Segment Start: Entries supplied

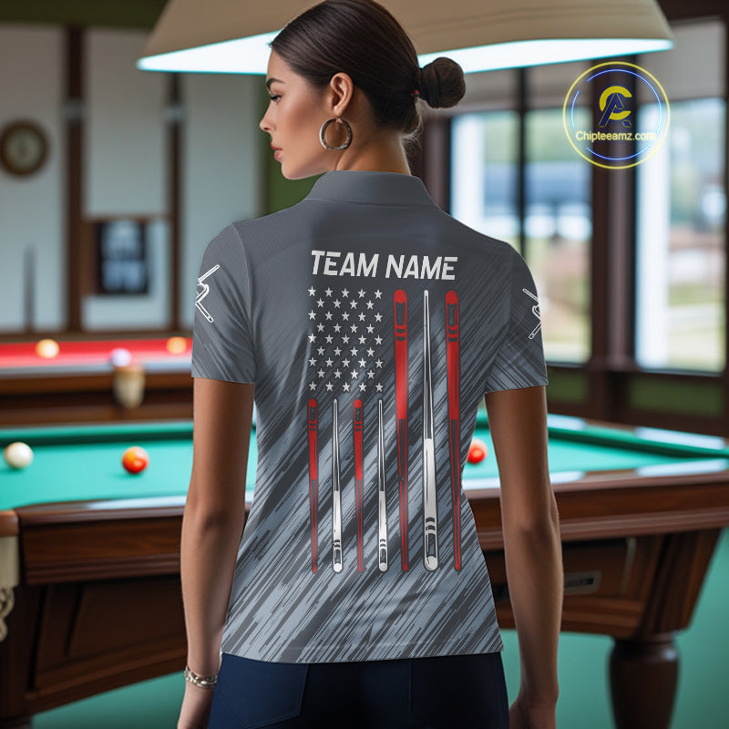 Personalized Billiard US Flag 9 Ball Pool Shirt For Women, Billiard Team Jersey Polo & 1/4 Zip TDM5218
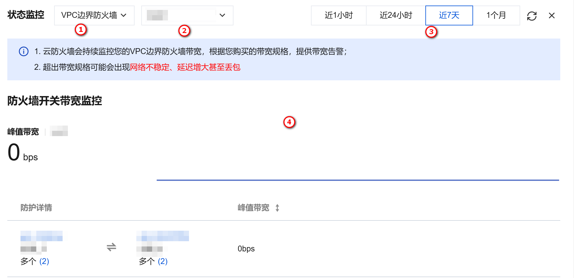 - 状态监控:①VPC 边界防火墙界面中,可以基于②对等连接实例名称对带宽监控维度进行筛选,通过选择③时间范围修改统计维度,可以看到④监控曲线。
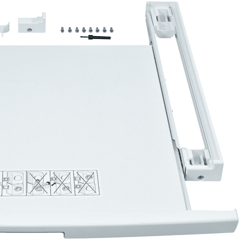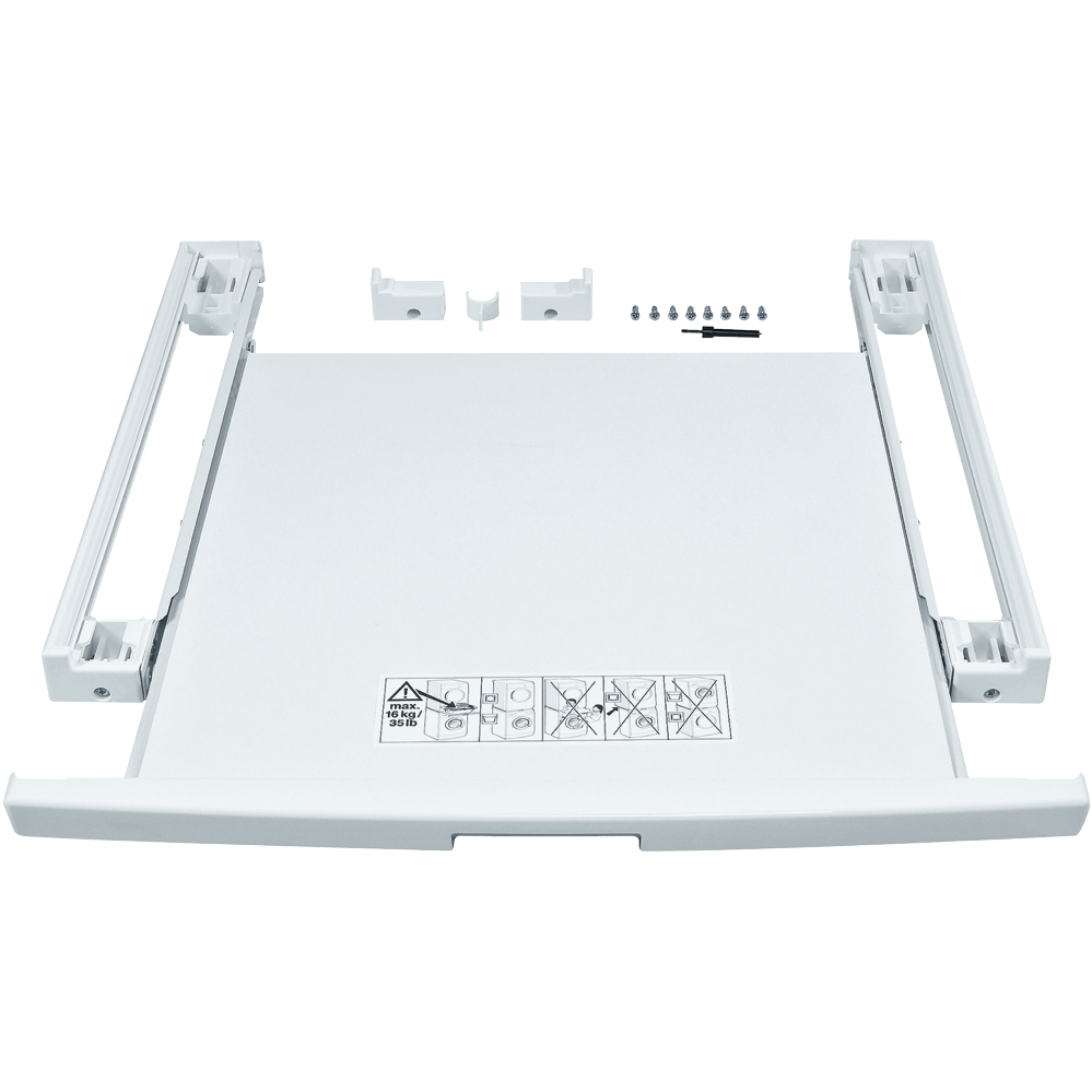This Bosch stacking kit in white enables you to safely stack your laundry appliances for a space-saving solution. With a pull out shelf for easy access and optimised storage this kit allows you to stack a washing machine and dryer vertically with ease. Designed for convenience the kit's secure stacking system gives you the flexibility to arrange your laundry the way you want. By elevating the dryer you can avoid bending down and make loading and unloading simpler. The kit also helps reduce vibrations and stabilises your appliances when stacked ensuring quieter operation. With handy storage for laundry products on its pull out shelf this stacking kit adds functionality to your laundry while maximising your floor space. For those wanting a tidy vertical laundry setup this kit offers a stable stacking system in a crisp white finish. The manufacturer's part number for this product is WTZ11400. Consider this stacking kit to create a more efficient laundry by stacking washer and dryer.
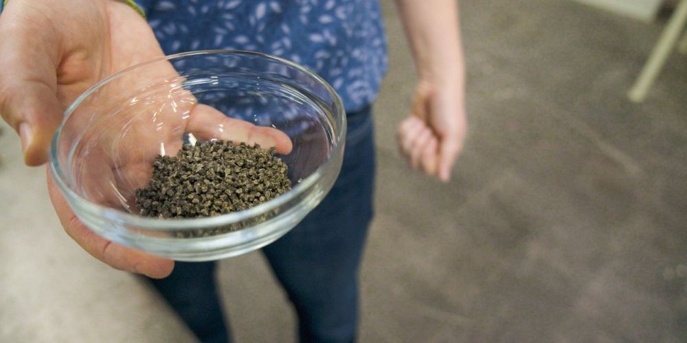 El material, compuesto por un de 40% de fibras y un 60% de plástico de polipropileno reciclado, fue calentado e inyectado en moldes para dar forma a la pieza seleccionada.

Segment End: Entries supplied
Segment Start: Entries supplied

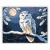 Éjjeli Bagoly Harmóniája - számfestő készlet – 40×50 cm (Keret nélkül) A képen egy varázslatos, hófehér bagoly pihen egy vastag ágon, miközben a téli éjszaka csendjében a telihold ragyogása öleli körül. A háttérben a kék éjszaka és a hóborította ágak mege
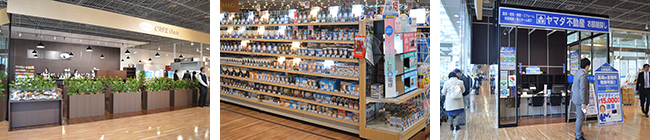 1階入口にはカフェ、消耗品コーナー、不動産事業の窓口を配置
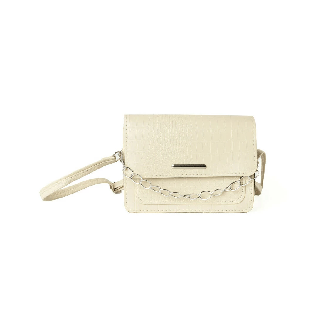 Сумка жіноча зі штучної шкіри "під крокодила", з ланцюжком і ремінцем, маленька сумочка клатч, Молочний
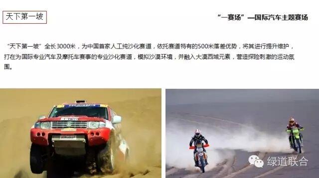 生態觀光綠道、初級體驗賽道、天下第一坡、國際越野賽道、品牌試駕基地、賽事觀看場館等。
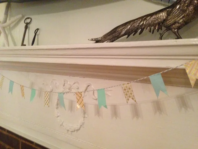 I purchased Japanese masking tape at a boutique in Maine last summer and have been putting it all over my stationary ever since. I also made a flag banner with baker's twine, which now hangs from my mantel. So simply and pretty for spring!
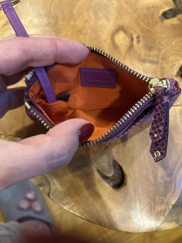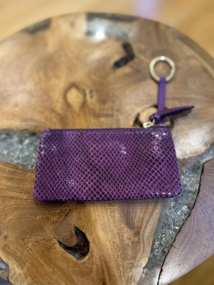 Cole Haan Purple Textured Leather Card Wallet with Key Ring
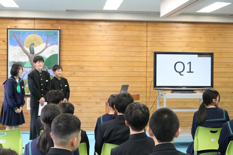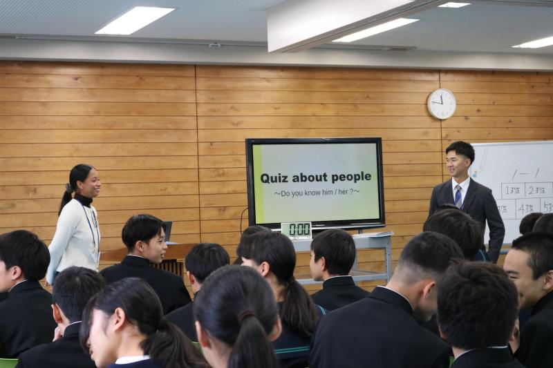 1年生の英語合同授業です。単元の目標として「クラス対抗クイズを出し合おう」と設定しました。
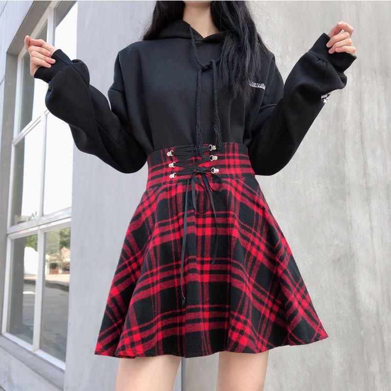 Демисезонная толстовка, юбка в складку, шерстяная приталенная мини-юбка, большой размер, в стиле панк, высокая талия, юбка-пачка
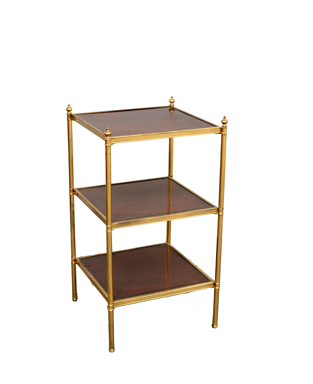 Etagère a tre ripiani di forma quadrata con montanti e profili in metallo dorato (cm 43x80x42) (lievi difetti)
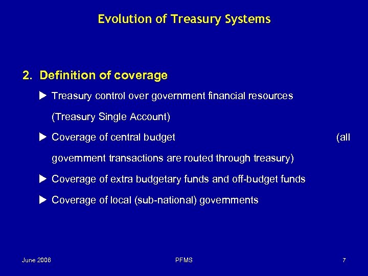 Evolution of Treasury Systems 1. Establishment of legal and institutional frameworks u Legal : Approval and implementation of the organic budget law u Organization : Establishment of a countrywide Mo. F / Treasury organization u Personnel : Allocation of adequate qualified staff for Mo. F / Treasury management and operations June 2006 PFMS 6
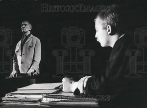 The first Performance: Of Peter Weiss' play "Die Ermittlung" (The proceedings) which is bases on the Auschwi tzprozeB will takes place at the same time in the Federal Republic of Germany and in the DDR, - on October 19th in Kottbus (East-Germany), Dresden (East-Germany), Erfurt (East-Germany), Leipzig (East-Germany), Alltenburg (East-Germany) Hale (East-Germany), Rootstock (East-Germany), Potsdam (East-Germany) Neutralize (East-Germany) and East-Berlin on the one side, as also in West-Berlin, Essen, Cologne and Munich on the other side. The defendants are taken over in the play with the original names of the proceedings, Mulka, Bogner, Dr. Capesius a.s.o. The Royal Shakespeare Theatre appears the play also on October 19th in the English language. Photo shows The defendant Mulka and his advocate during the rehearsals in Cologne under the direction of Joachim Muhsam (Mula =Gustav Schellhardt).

Segment End: Entries supplied

Task objective:
Using the records above, print exactly the lines between the ones containing "Éjjeli Bagoly Harmóniája" and "生態觀光綠道、初級體驗賽道、", inclusive, and nothing else; no pictures.

Problem solution:
 Éjjeli Bagoly Harmóniája - számfestő készlet – 40×50 cm (Keret nélkül) A képen egy varázslatos, hófehér bagoly pihen egy vastag ágon, miközben a téli éjszaka csendjében a telihold ragyogása öleli körül. A háttérben a kék éjszaka és a hóborította ágak mege
 1階入口にはカフェ、消耗品コーナー、不動産事業の窓口を配置
 Сумка жіноча зі штучної шкіри "під крокодила", з ланцюжком і ремінцем, маленька сумочка клатч, Молочний
 生態觀光綠道、初級體驗賽道、天下第一坡、國際越野賽道、品牌試駕基地、賽事觀看場館等。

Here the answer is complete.